Park Duk-Woo, Lee Cheol Whan, Yun Sung-Cheol, Kim Young-Hak, Hong Myeong-Ki, Kim Jae-Joong, Park Seong-Wook, Park Seung-Jung
Department of Medicine, Division of Epidemiology, University of Ulsan College of Medicine, Asan Medical Center, Poongnap-dong, Songpa-gu, Seoul, South Korea.
Heart. 2007 Sep;93(9):1087-92. doi: 10.1136/hrt.2006.099762. Epub 2007 Feb 19.
To determine the association of preprocedural C reactive protein (CRP) levels with angiographic restenosis and adverse clinical events after drug-eluting stent (DES) implantation.
A prospective cohort analysis of preprocedural CRP levels as a predictor of serious ischaemic complications or binary restenosis in patients treated with DES.
Tertiary referral centre.
1650 consecutive patients who underwent successful DES implantation. Patients were grouped into tertiles according to preprocedural CRP values for data analysis.
Successful DES implantation.
The primary end point was a major coronary event, defined as cardiac death or Q-wave myocardial infarction.
Baseline clinical and angiographic characteristics were similar between the tertile groups, except that more patients had multivessel disease and acute coronary syndrome with increasing tertiles of CRP levels. At 1-year follow-up, a primary end point occurred in 4 (0.7%) patients of the lowest tertile, in 3 (0.5%) patients of the middle tertile and in 16 (2.9%) patients of the highest tertile (p = 0.003). In multivariate analysis, the highest tertile of CRP levels was an independent predictor of a major coronary event (HR 4.68, 95% CI 1.91 to 11.44, tertile III vs tertiles I and II, p = 0.001). However, restenosis rates were similar in all three groups (9.1% vs 11.4% vs 11.6%, respectively, p = 0.3).
Preprocedural CRP levels are significantly associated with major coronary events after DES implantation. However, preprocedural CRP levels do not predict subsequent restenosis. Baseline CRP levels may be useful to guide adjunctive management for preventing serious ischaemic events in patients undergoing DES implantation.

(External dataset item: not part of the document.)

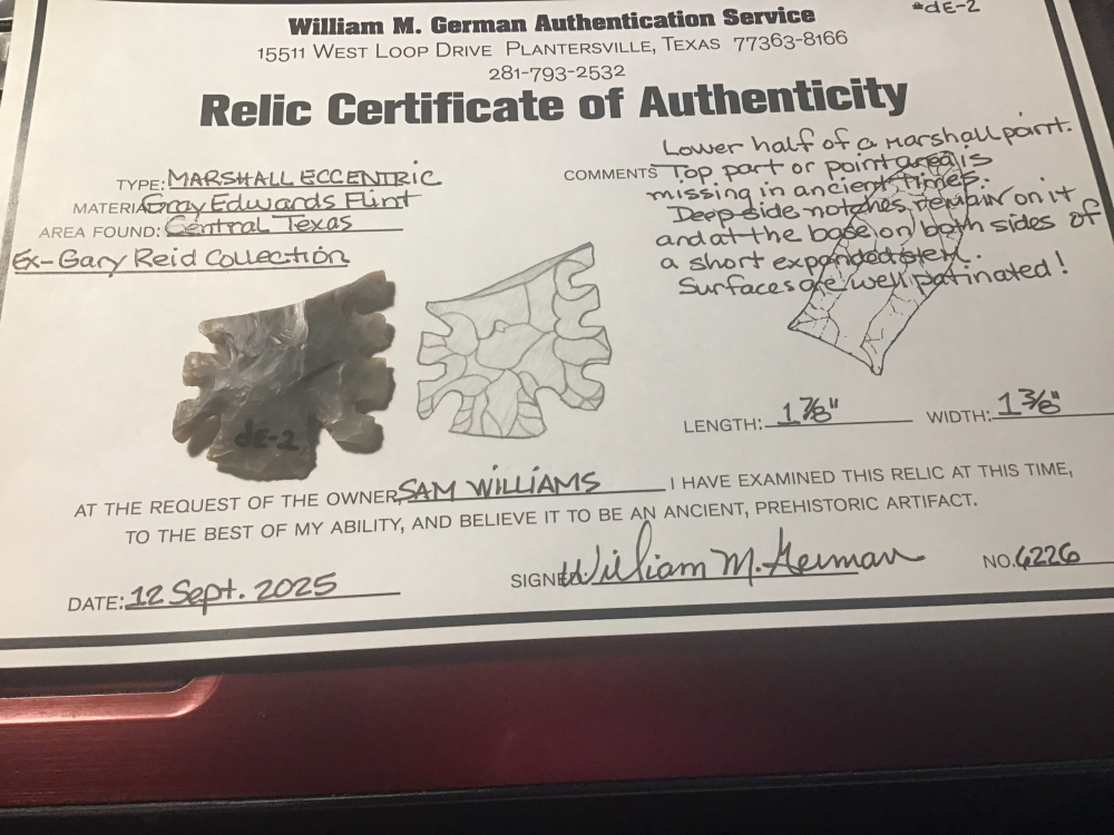 Our of the Gary Reid Collection, I only have Central Texas for provenance, but it sure looks like Georgetown chert so that would put it in the Williamson County area. It is the Lower Half of a Marshall point with all areas well patinated. I have the shipping and it comes with a Bill German coa.

确定药物洗脱支架(DES)植入术前C反应蛋白(CRP)水平与血管造影再狭窄及不良临床事件之间的关联。
对DES治疗患者术前CRP水平作为严重缺血性并发症或二元再狭窄预测指标进行前瞻性队列分析。
三级转诊中心。
1650例连续成功接受DES植入的患者。根据术前CRP值将患者分为三分位数组进行数据分析。
成功植入DES。
主要终点为主要冠状动脉事件,定义为心源性死亡或Q波心肌梗死。
三分位数组间基线临床和血管造影特征相似,但随着CRP水平三分位数升高,多支血管病变和急性冠状动脉综合征患者增多。在1年随访时,最低三分位数组4例(0.7%)患者、中间三分位数组3例(0.5%)患者和最高三分位数组16例(2.9%)患者发生主要终点事件(p = 0.003)。多因素分析中,CRP水平最高三分位数是主要冠状动脉事件的独立预测指标(风险比4.68,95%可信区间1.91至11.44,三分位数III与三分位数I和II相比,p = 0.001)。然而,三组再狭窄率相似(分别为9.1%、11.4%和11.6%,p = 0.3)。
DES植入术前CRP水平与主要冠状动脉事件显著相关。然而,术前CRP水平不能预测随后的再狭窄。基线CRP水平可能有助于指导辅助治疗,以预防接受DES植入患者的严重缺血事件。